The "identifier" portion "NCBIGene5435product" is a pattern that predates me (and came out of your office space) current best practice would have as a opaque digest and the bnode would have include that information as its label

searching GH for skolem* will find more details

— You are receiving this because you authored the thread. Reply to this email directly, view it on GitHub https://github.com/monarch-initiative/dipper/issues/541#issuecomment-338068232, or mute the thread https://github.com/notifications/unsubscribe-auth/ABcuEEtpuV3leiBPIs242rHGK1Yl9s2_ks5st9-cgaJpZM4P_7iN .

selewis commented 7 years ago

Actually the param for including blanks was/is set to False, so it doesn't seem to be working...

selewis commented 7 years ago

Perhaps the initial ':' character makes a difference?
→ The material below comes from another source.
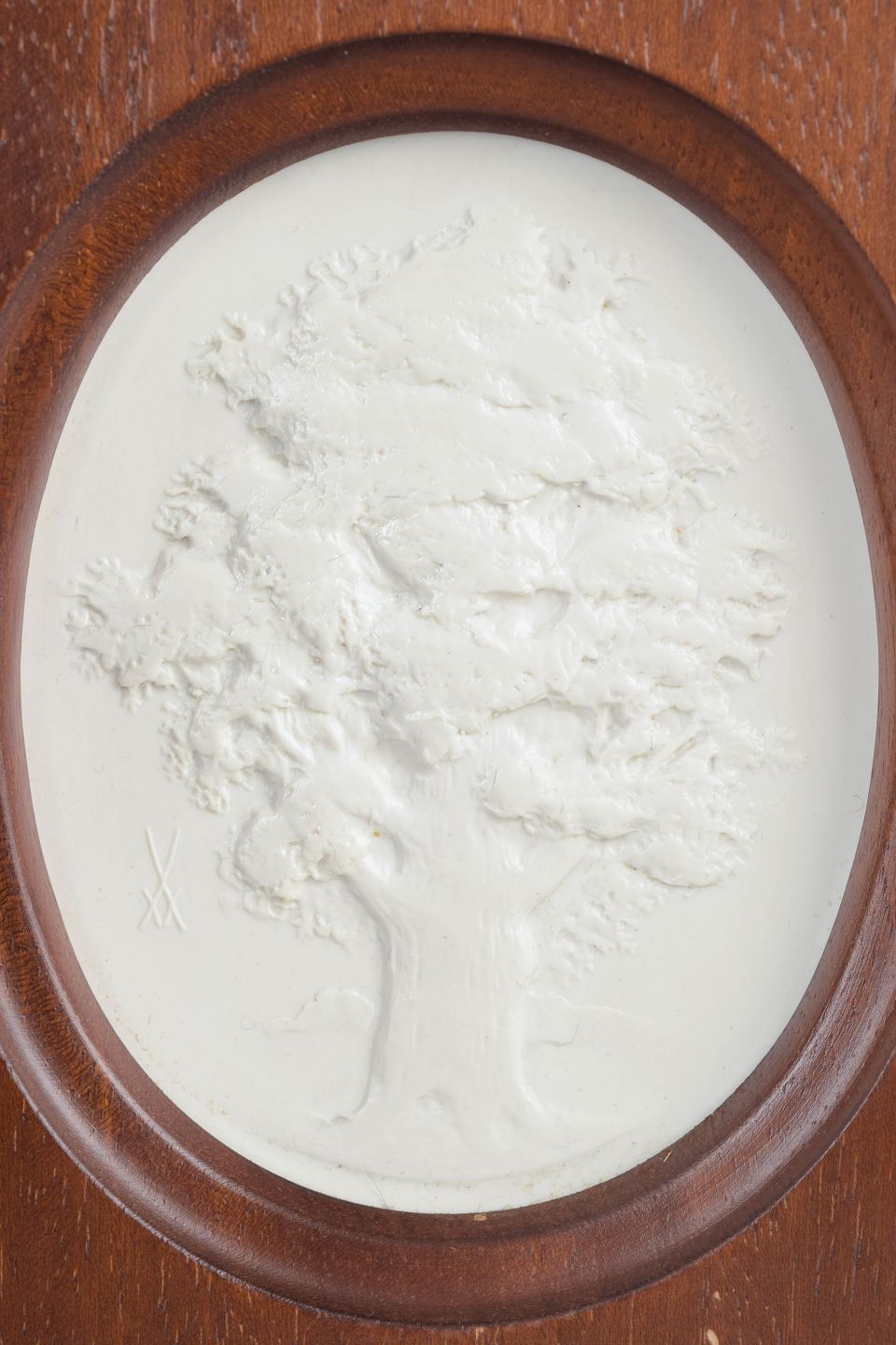 Reliefplakette i hvid biscuitporcelæn med naturalistisk motiv, monteret i rektangulær træramme med ovalt udsnit. Et dekorativt vægobjekt udført i klassisk Meissen-tradition, hvor den matte overflade understreger det plastiske relief.

TomConlin commented 7 years ago

in RDF turtle ":" (the empty curie prefix) is shorthand for the default base IRI
so
:.well-known/genid/NCBIGene5435product
and
https://monarchinitiative.org/.well-known/genid/NCBIGene5435product
are equivalent

I do not know where you have a parameter to filter blank nodes but not all tools/systems are skolemized blank node aware and may only look for the "_:" curie prefix

selewis commented 7 years ago

Okay, let's close this out. The parameter for blankNodes is passed into GOLr service. Would have to dig into that further. In the meantime, just ignoring it.

selewis commented 7 years ago

Chris would like to leave this open so we don't forget about it.